Directions for this task – From the records below, transcribe only the lines running from the one with "A few dozen" through the one with "- -1 Cable USB". Keep both of those end lines.

Given data –
%%
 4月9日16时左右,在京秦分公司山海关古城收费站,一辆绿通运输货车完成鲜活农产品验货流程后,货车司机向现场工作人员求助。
%%
%%
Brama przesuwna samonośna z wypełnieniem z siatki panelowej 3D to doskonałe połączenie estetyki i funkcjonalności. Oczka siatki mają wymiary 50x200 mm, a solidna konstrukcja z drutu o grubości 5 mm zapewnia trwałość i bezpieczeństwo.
%%
%%
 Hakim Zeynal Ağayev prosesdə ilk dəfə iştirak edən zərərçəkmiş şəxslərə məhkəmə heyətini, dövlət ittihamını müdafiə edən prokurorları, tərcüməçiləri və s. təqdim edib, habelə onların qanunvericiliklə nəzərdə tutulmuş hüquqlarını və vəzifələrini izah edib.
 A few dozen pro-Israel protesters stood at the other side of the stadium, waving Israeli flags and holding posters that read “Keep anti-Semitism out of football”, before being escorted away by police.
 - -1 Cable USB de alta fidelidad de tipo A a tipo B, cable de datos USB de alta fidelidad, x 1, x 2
%%
Reply –
 A few dozen pro-Israel protesters stood at the other side of the stadium, waving Israeli flags and holding posters that read “Keep anti-Semitism out of football”, before being escorted away by police.
 - -1 Cable USB de alta fidelidad de tipo A a tipo B, cable de datos USB de alta fidelidad, x 1, x 2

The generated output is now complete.